Blasto is indeed one of the worst and hardest to detect until it's to late. 20 + years ago I lost my YLM to it. I had no clue anything was wrong until one day I realized he wasn't stretching towards me to sniff for new scents when I got home from work but was trying to clear his airways so he could sniff. I looked him over really good and realized he had lost a couple of pounds during the that week. Off to the Vet and yes it was Blasto. For a while it looked like the Meds were working, but the ugly disease finally took him.
We have beaten the disease though. My brothers YLM came down with it a year or so later and the meds did their thing and he was fine for about 2 years. Then we started to notice when he would turn quickly to the left he would sometimes run into a chair or my new young YLM. The Blasto had migrated into the eye and he was blind in it. The eye was removed , more meds and I'm happy to say he had several more great years of hunting with one eye before he succumed to just plain old age.
I might as well also mention that a coworker a few years before any of this came about, happened to come down with Blasto. He just happened to live in the area we hunted in the Fall and used for training in the Spring. He was lucky, he felt great but developed visible soft lumps on his neck and went to get it checked. He had Blasto, fortunately he had caught it early because of the visible lumps and was fine after treatment. That was the first time any of us had ever heard of it, but as you can see it wasn't the last. 
I know of several more cases in Northern Minnesota, but we are talking over 30 years of Yellows since we first encountered this killer. This is a naturally occuring Fungas and if you live in areas were it is, odds are you have been exposed to it with no ill effect. So keep yourself and your dogs healthy and in good shape thru exercise and good nutrition and the odds are you'll never meet up with this killer.


----------



## Poodlegirl (Dec 19, 2007)

I am sorry for your loss. And, I am thankful you were kind enough to post.

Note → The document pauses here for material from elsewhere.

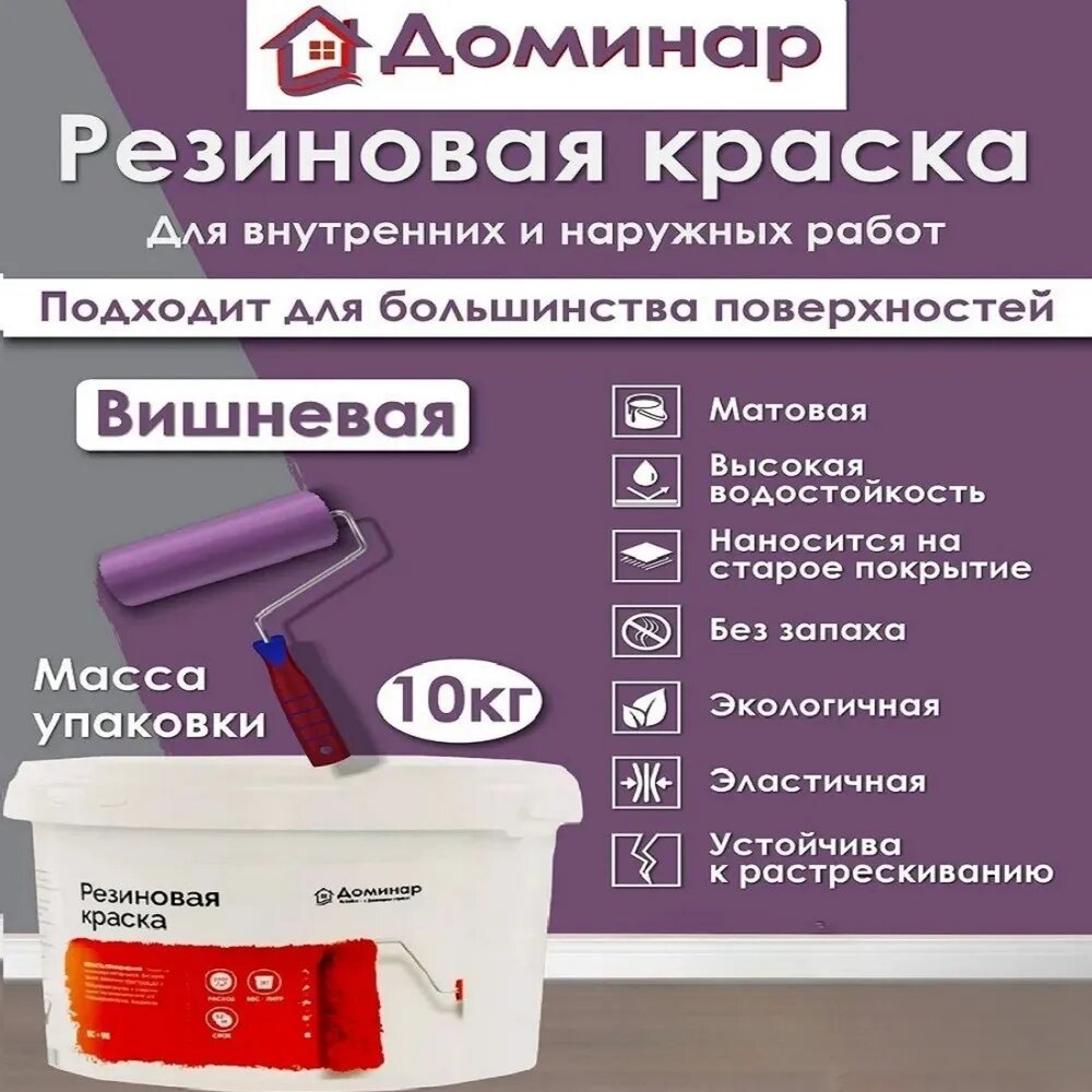 Резиновая краска для наружных, внутренних работ влагостойкая матовая БС 98 Доминар, вишневая, 10 кг информация:

Recently I had my Standard Poodle to the eye specialist because he is really emitting a lot of eye goop. He thought it was uveitis and put Ruffie on antibiotics, but it didn't help. He said it is likely allergies.

Right before Christmas, I looked at Ruffian and he had swollen glands. I thought Lymphoma immediately as there were no infections or injuries I could find on his head neck or front legs. My vet did an aspiration because she knew I was concerned - poor guy looked like he had the mumps. She saw abnormal cells but not cancer cells. Still because I was concerned she sent off the aspirate to a specialist. He replied that it wasn't cancer but that he could be definitive without a biopsy.

Off went the biopsy and we were cleared for lympho. But, he had an enlarged prostrate. We had lung xrays and the vet said the "little round white areas" were something common. He's lost weight and we blamed that on our other bitch being in season.

Well, I don't know if all this is adding up to a bigger issue, but I sure plan on finding out tomorrow. We live on a lake and the dogs swim often. As well the dogs swim when they train elsewhere. 

It's funny, we've also been laughing about his snoring lately. Maybe I am being a nut - and hyper concerned, but let's just say better safe then sorry.

Thank you again to bringing my attention to this. Even if this isn't the issue at least I have learned a lot and can be more watchful.


----------



## Warren Flynt (Nov 14, 2007)

Is there any way to tell if an area is host to blasto?


----------



## BentleysMom (Nov 6, 2010)

Ryan, so sorry for your loss. My prayers are sent to you and your family. This must be very hard to take.

After all the great info on this disease I am still confused. My question has been "Why is blasto more common in young male dogs under the of 3 years"???? This doesn't make sense to me. I would assume that the young and strong should be able to fight this off. Why male/female???

Okay, how about prevention?? I read vitamins and garlic??? Garlic was not in my local stores so how many of us use vitamins and such???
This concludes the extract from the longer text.